Ingredients:

  • 2 cups (370g) cooked quinoa
  • 1 can (15 oz / 425g) chickpeas, drained and rinsed
  • 1/2 cup (75g) English cucumber, finely diced
  • 1 cup (150g) cherry tomatoes, halved
  • 1/4 cup (40g) red onion, thinly sliced
  • 1/2 cup (70g) Kalamata olives, pitted and halved
  • 1/2 cup (115g) crumbled feta cheese
  • 4 tbsp (60ml) hummus
  • 2 tbsp (30ml) tzatziki
  • 3 tbsp (45ml) extra virgin olive oil
  • 2 tbsp (30ml) fresh lemon juice
  • 1 clove (5g) garlic, minced
  • 1/2 tsp (3g) dried oregano
  • 1/2 tsp (3g) sea salt
  • 1/4 tsp (1g) cracked black pepper

Instructions:

  1. Dice the cucumber into uniform 1/4-inch cubes, halve the cherry tomatoes, and thinly slice the red onion. Place chopped vegetables in a bowl and toss lightly with a pinch of salt.

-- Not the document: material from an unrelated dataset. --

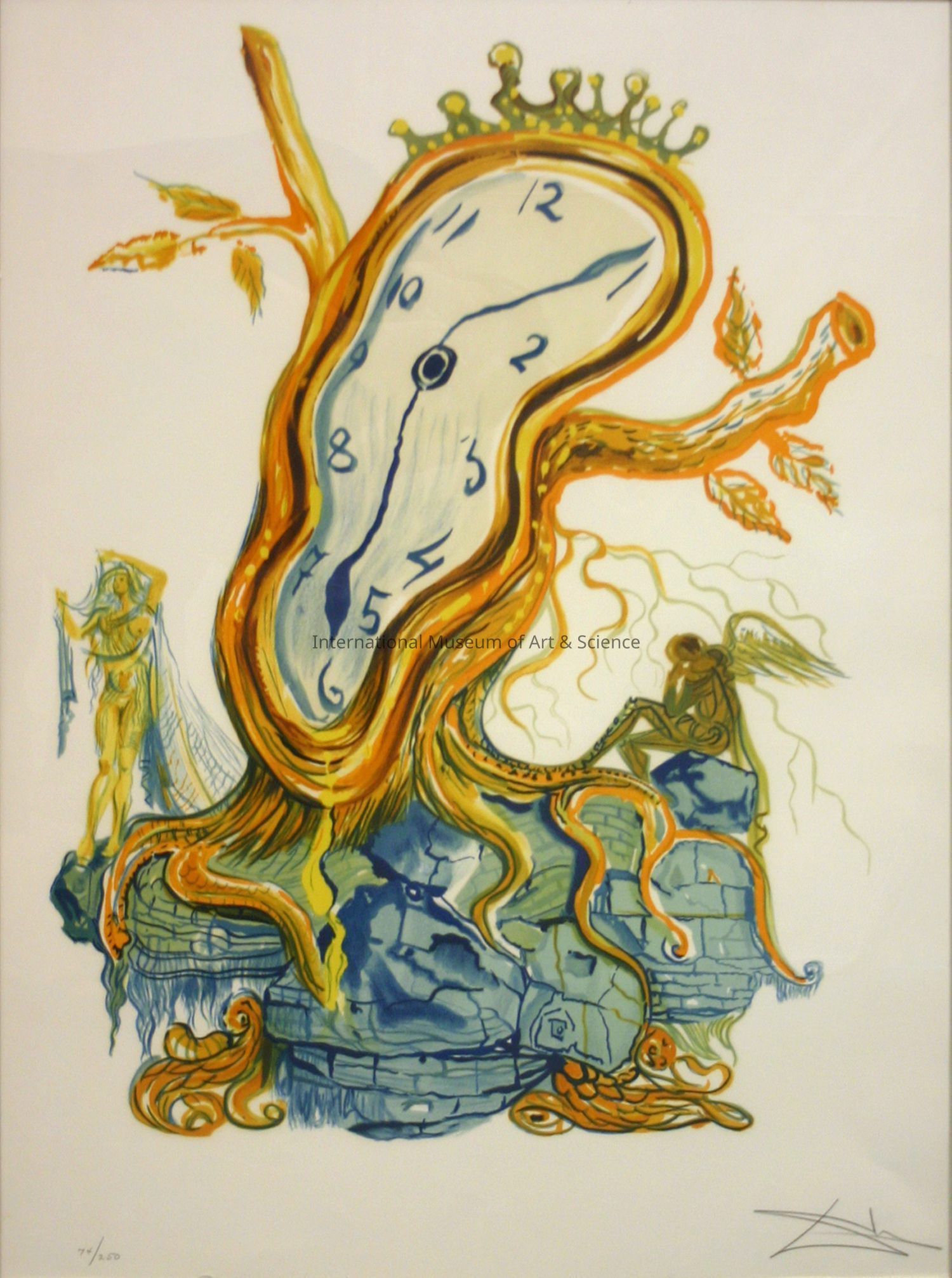 "Stillness of Time". Large, oval, curved clock of orange, yellow, and brown; has yellow crown on top, leans over tree with branches and roots and leaves; female standing at left and another figure at right with attached wing; clock has wavy hands and blue numbers; clock is located on wall of light and dark blue with two orange curvilinear figures, human-like at bottom; signed.Dimensions

  2. Distribute the cooked, cooled quinoa evenly across 4 meal prep containers and top each with a generous scoop of rinsed chickpeas.
  3. Arrange the cucumber, tomatoes, red onion, and olives in distinct sections over the quinoa.

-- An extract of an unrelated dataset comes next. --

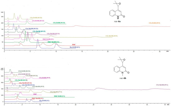Figure 4 shows the enantioseparation chromatograms of marinoepoxides rac-6a–c separated on a CHIRAL ART Cellulose-SC column, with different mobile phase compositions, both in HPLC and SFC mode.
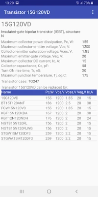 The directory provides two ways to search for transistors in the database - by parameters and by name. Search by name is convenient if you have a transistor and need to find out its characteristics. To do this, you need to type characters from the name of the transistor, while the table below will immediately display those transistors, in the name of which there is this sequence of characters. To search for parameters, first select the appropriate category of transistors. Then you specify the ranges of values of the necessary parameters for the selected type of transistors. Transistors that meet the specified parameters will also be displayed in the table below. By clicking on one of the lines, you can open a page with a detailed description of the selected transistor. In the description, in addition to the parameters for selection, all the parameters of the transistor from the reference database will be presented. In addition, the following suggested replacement for this transistor and other transistors, the main parameters of which are not worse or slightly better.

  4. Place a dollop of hummus and a swirl of tzatziki in the center of each bowl.
  5. Whisk together olive oil, lemon juice, minced garlic, dried oregano, sea salt, and black pepper to create the vinaigrette, then drizzle over the bowls and sprinkle with crumbled feta.